🤖 AI Summary
This work addresses the challenge of generating physically plausible, direction-controllable 3D full-body grasping motions for animation, mixed reality, and robotics. Existing methods struggle to jointly model hand–object–scene (e.g., container) interactions, suffering from uncontrolled grasp orientation, scene penetration, and inefficient optimization. To overcome these limitations, we propose the first generative framework incorporating early-stage geometric reasoning: (1) ray-casting and collision detection to model reachable grasp directions; (2) unified constraints on arm and palm orientation; (3) symmetric left/right-hand grasp synthesis; and (4) probabilistic directional sampling, geometry-aware conditional generation, and contact-consistent full-body optimization. Our method achieves significant improvements over state-of-the-art on GRAB and ReplicaGrasp benchmarks—yielding higher physical plausibility, success rates, faster inference, and lower computational overhead. Ablation studies confirm consistent gains from each component. Code and models will be publicly released.
📝 Abstract
Synthesizing 3D whole-bodies that realistically grasp objects is useful for animation, mixed reality, and robotics. This is challenging, because the hands and body need to look natural w.r.t. each other, the grasped object, as well as the local scene (i.e., a receptacle supporting the object). Only recent work tackles this, with a divide-and-conquer approach; it first generates a"guiding"right-hand grasp, and then searches for bodies that match this.

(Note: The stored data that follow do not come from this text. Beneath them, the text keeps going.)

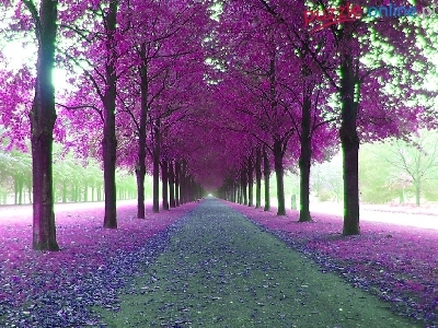 Fioletowe, Alejka, Park, Liście
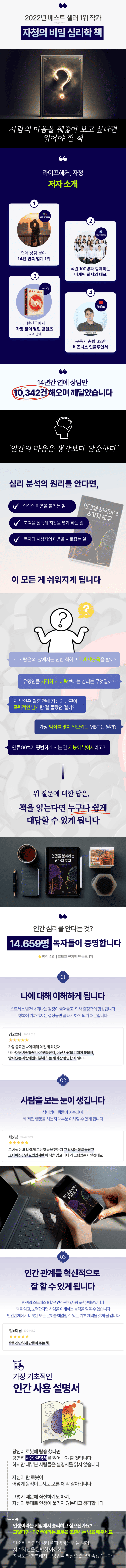 표면적으로는 타인의 심리를 읽는 법을 다루는 듯 보이지만, 결국은 “나 자신을 이해하는 법”에 초점을 맞춘다. 저자는 인간의 행동이 단순한 우연이 아니라 호르몬, 성향, 방어기제 ...더보기
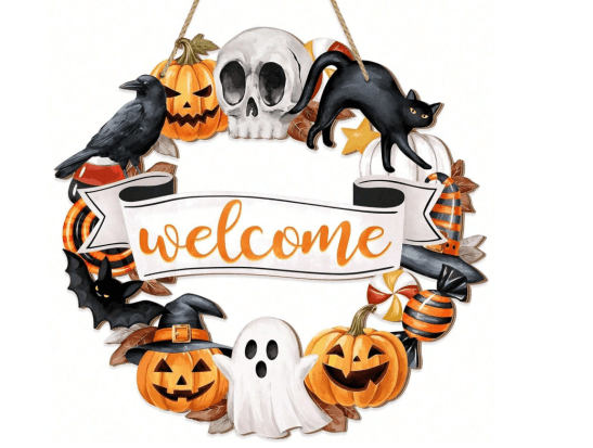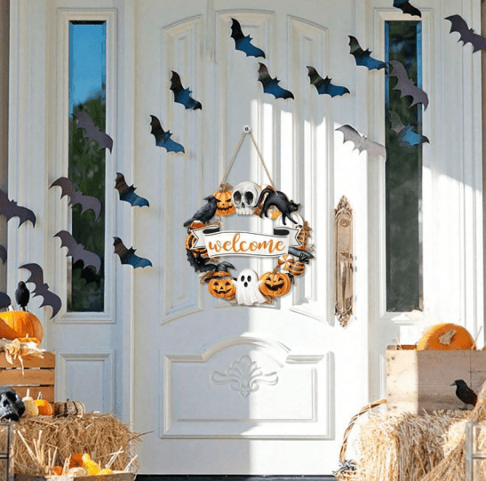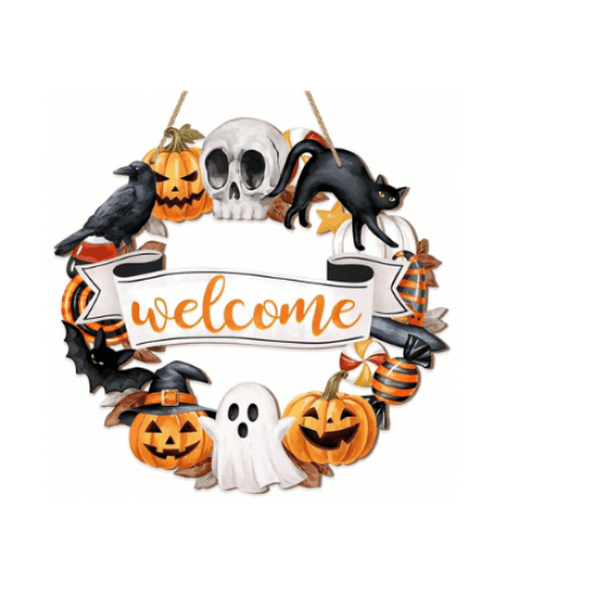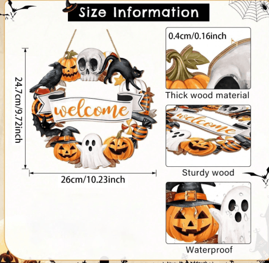 Halloween Wood Garland Ghost Black Cat Pumpkin Skull Door Listing Decoration, Country Ghost Halloween Welcome Wooden Sign Front Door Hook Home Decor Halloween Party Supplies
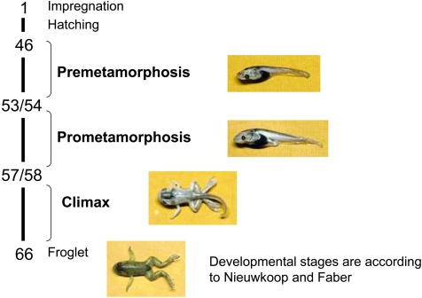 Fig. 3. The stage of metamorphosis is divided into 3 stages. The premetamorphic stage is the period until the appearance of the hind limbs, and the prometamorphic period is from their appearance to that of the forelimbs. During the period of metamorphic climax, resorption of the tail and gills and development of lungs occur.
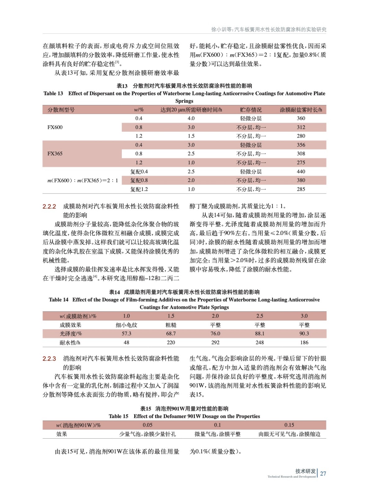 汽車板簧用水性長效防腐涂料的實驗研究
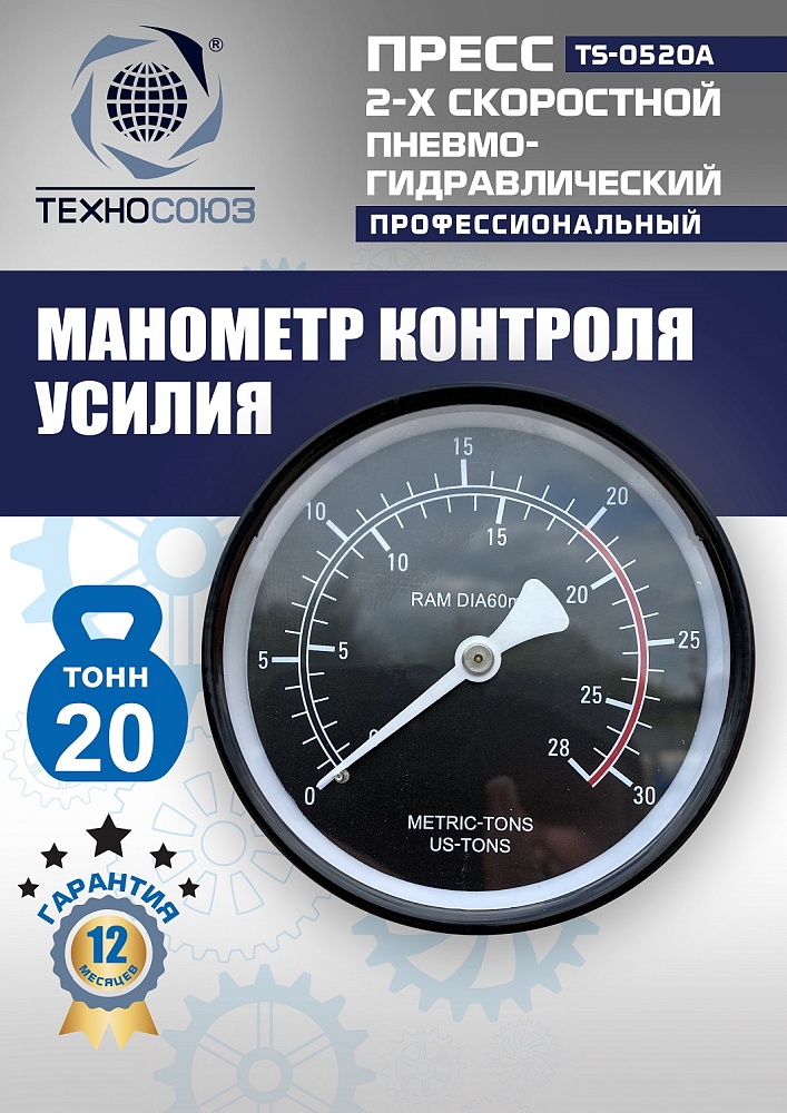 Пресс TS-0520A с усилием 20 тонн сочетает пневмогидравлический и ручной привод для универсальной работы в гаражах и СТО. Пневмопривод ускоряет выпрессовку неответственных деталей вроде втулок при потоке задач, а ручной насос обеспечивает точное дозирование усилия для подшипников.
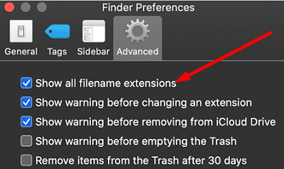 If you want to show the extensions for all of your files, launch Finder, and click on Preferences. Then go to the Advanced tab and tick the “Show all filename extensions” checkbox.
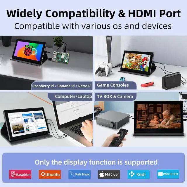iPitBit 7 inch monitor offers a resolution of 1024x600. Its IPS panel provides a wide 178 viewing angle, and flicker-free technology effectively reduces eye fatigue. ^^ The high-sensitivity 5-point capacitive touch screen monitor is plug-and-play, requiring no additional drivers. Simply connect the device via the HDMI interface and power it via the USB interface to enable the touch function, with a response time of only 3-5 ms. ^^ iPitBit 7-inch portable display is suitable for various versions of Raspberry Pi and multiple devices such as Octo Pi, Banana Pi, Retro Pi, game consoles, computers, and TV boxes.
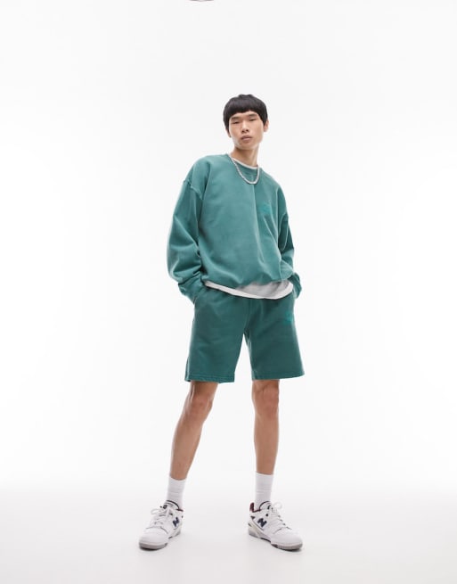 Topman – Oversize-Set in verwaschenem Grün mit Stickerei
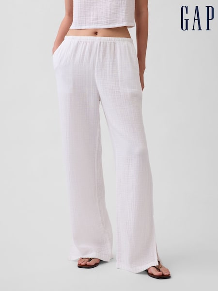 Gap White Cotton Gauze Easy Split-Hem Trousers
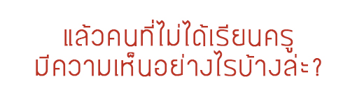 แล้วฝั่งคนที่ไม่ได้เรียนครูมาล่ะ เค้ามองเรื่องนี้กันอย่างไรบ้าง? จากการที่ได้ฟังความคิดเห็นของคนที่ไม่ได้เรียนครู หลายคนบอกว่า “นโยบายนี้ถือว่าเป็นการเปิดโอกาสมากขึ้น” เพราะว่าหลายคนก็อยากที่จะเป็นครู แต่ไม่สามารถสอบเข้าคณะครุฯ-ศึกษาฯ ได้ตั้งแต่แรก และเหตุผลที่มาสมัครสอบครู เพราะว่าพวกเขาก็อยากเป็นครูเหมือนกัน และอยากให้เปิดใจ อยากให้วัดที่ผลงาน ความรู้ ความสามารถมากกว่า อีกทั้งหลายคนยังยกตัวอย่างอีกว่า ในสถาบันติวเตอร์หลายแห่งที่เด็กนักเรียนแห่แหนไปเรียนกัน ส่วนใหญ่ก็ไม่ได้เรียนจบครู แต่กลับมีความเชี่ยวชาญและสามารถถ่ายทอดความรู้ให้กับนักเรียนอย่างเข้าใจ และก็มีความสามารถมากๆ การที่เด็กๆ ไปเรียนกับติวเตอร์ที่ไม่ได้จบครู ก็น่าจะบ่งบอกอะไรได้หลายๆ อย่าง ดังนั้นเราไม่ควรมากีดกันกันเอง เพราะทำแบบนั้น ประเทศก็จะไม่เกิดการพัฒนาสักที
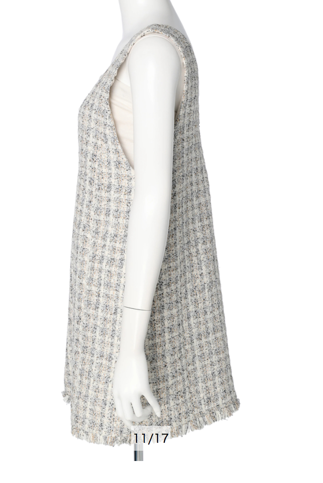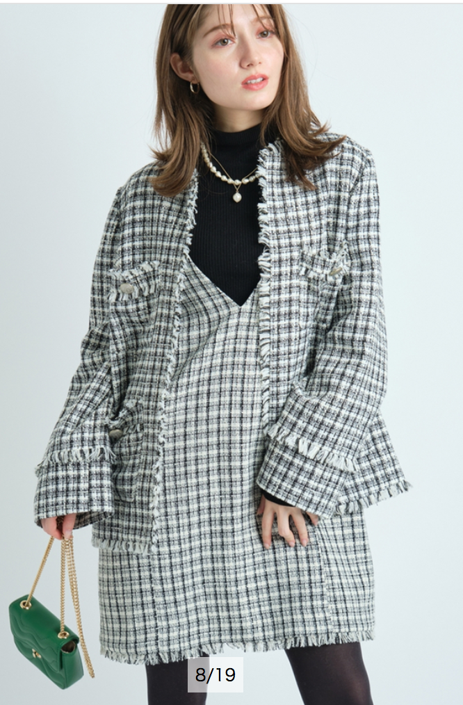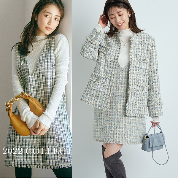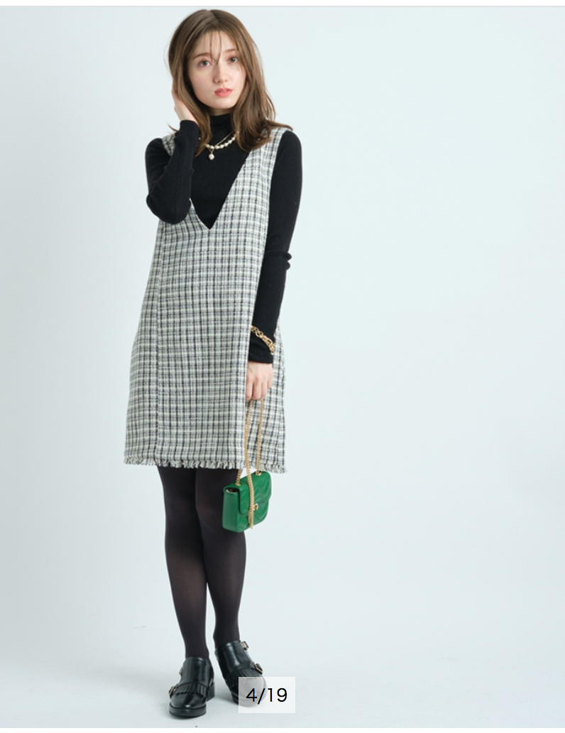 多色使いと立体感のあるツイード生地で、華やかな印象に仕上げたジャンパースカート。
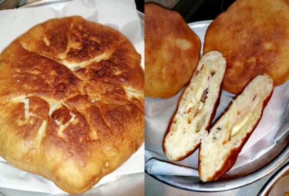 Τηγανόψωμο αφράτο και πεντανόστιμο γεμιστό με γκούντα και γαλοπούλα. Μπορείτε φυσικά να βάλετε κι άλλα υλικά στην γέμιση και να το κάνετε να μοιάζει ακόμη και με σκεπαστή πίτσα αλλά εμείς επειδή βρισκόμαστε σε περίοδο διατροφής (ΓΕΛΑΜΕ ΔΥΝΑΤΑ), είπαμε να αρκεστούμε σε αυτά.

However, the guiding-hand synthesis lacks controllability and receptacle awareness, so it likely has an implausible direction (i.e., a body can't match this without penetrating the receptacle) and needs corrections through major post-processing. Moreover, the body search needs exhaustive sampling and is expensive. These are strong limitations. We tackle these with a novel method called CWGrasp. Our key idea is that performing geometry-based reasoning"early on,"instead of"too late,"provides rich"control"signals for inference. To this end, CWGrasp first samples a plausible reaching-direction vector (used later for both the arm and hand) from a probabilistic model built via raycasting from the object and collision checking. Then, it generates a reaching body with a desired arm direction, as well as a"guiding"grasping hand with a desired palm direction that complies with the arm's one. Eventually, CWGrasp refines the body to match the"guiding"hand, while plausibly contacting the scene. Notably, generating already-compatible"parts"greatly simplifies the"whole."Moreover, CWGrasp uniquely tackles both right- and left-hand grasps. We evaluate on the GRAB and ReplicaGrasp datasets. CWGrasp outperforms baselines, at lower runtime and budget, while all components help performance. Code and models will be released.